Он продолжает в том же духе, пока взгляд Дженни, который она в него вперила, не наполняется ужасом. На моем лице такое же выражение. А у мамы ничего подобного.
Она встречается со мной глазами, в которых я вижу усталость и смирение. Она знает, что происходит что-то не то, что отец явно не в порядке, но, тем не менее, не вмешивается.
— Прибавь, пожалуйста, отопления, — рокочет отец, и она бросается угождать ему.
Воздух становится все тяжелее. Жар исходит не только от радиаторов, но и от него. Внутри него как будто пылает огонь. Я почти вижу пар, струящийся из его пор. Воздух вокруг него дрожит. Он как асфальт жарким летним днем.
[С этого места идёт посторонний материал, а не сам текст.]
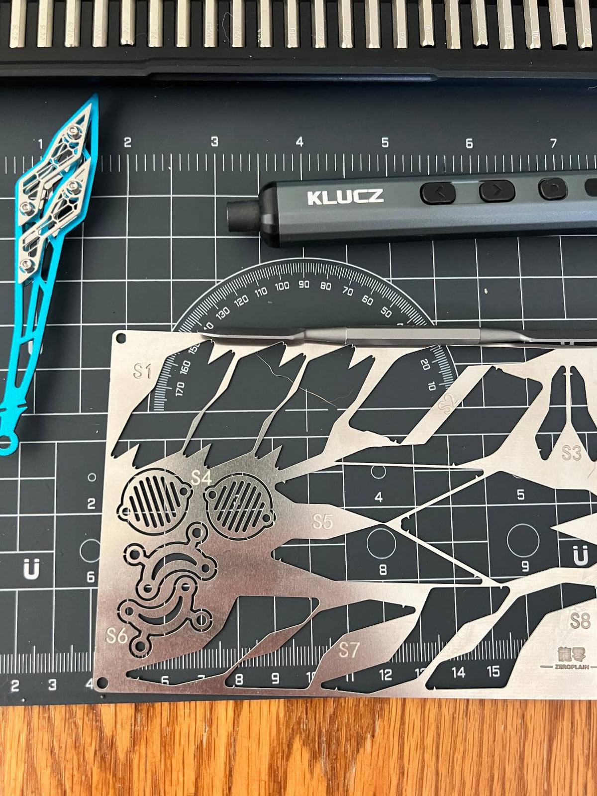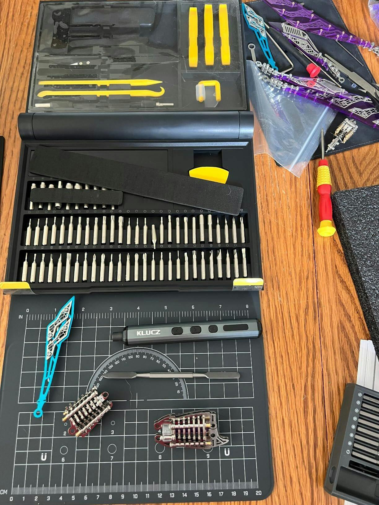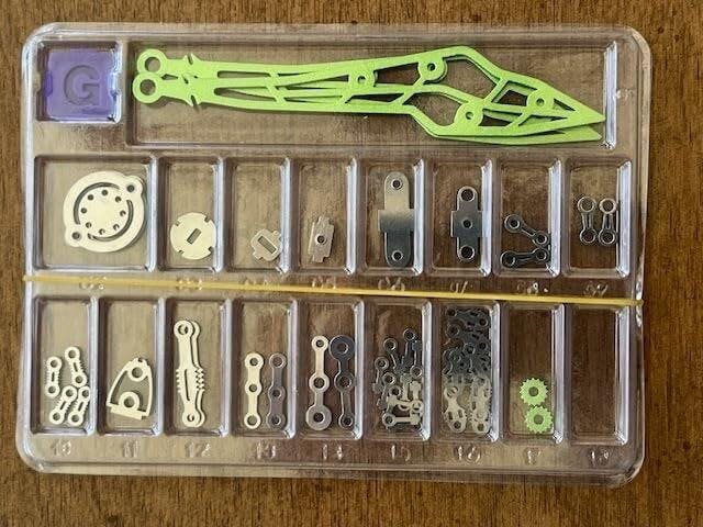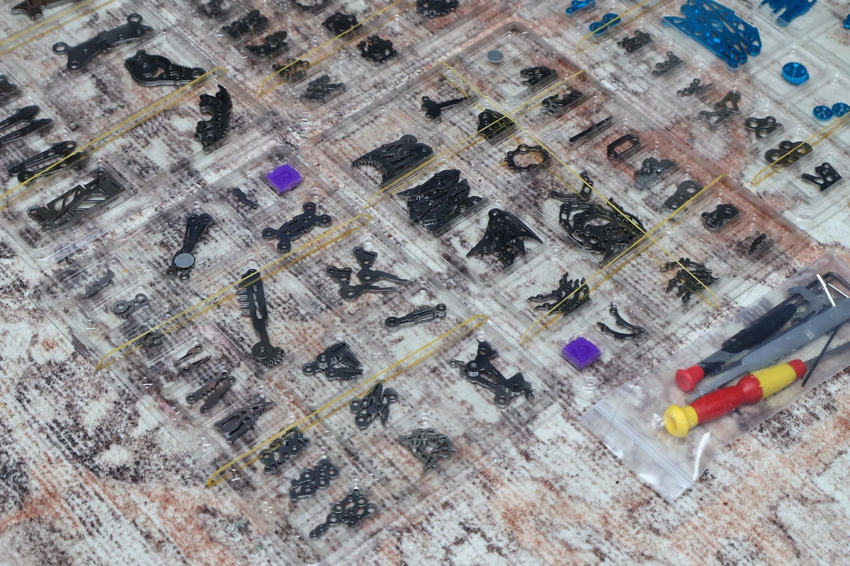 Das Set kommt mit allem, was man braucht. Ich finde es klasse, dass verschiedene Schraubendreher, Inbusschlüssel und sogar eine Pinzette direkt dabei sind (siehe Foto). Die Metallteile sehen sehr präzise gelasert aus und haben keine scharfen Grate. Ein rundum sorgloses Paket für Bastler.

— Папа, — говорю я, — это не…
— Зои, — перебивает меня мать.
— Почему заперт подвал? — спрашиваю я ее.
Папа не прерывает своего потока слов.
— Марк был ничтожеством, — заявляет он. — Я никогда не хотел, чтобы ты за него выходила, если помнишь. «Дженни, — говорил я, помнишь? — Ты уверена, что тебе это нужно?» Но ты была так молода, всего двадцать два, ребенок еще. Тебе нужно было сначала пожить для себя, чего-то достичь, а потом уже обзаводиться семьей. Поверь мне, это хорошо, что Марк умер, теперь ты можешь жить по-настоящему.
— Что в подвале, мама? — с нажимом спрашиваю я.
— Ничего особенного, — отвечает она, — у нас завелись еноты.
— Что за чушь, мы же в городе. Здесь нет енотов.
Отец резко оборачивается ко мне.
— Не смей так разговаривать с матерью! — вскрикивает он.
Я вздрагиваю. Мне достаточно пальцев на одной руке, чтобы посчитать, сколько раз он на меня повышал голос. Он любил Марка, относился к нему как к собственному сыну. Это не мой отец.
— Это хорошо, что он умер! — орет он, обращаясь к Дженни. — Хорошо!
Отец валится на пол, и его тело начинает сотрясаться, как это было с Джеймсом. Только тело Джеймса не было раскаленной сковородкой.
— Неси лед! — рявкаю я матери.
Она выбегает в своей ночной рубахе, сжимая рукой кружева, закрывающие шею, но не в кухню, как я предполагала, а в подвал. Дженни сидит на диване, ее глаза округлились от потрясения. Сперва муж, теперь вот отец. Я хлопаю ее по руке, ее взгляд вновь становится осмысленным.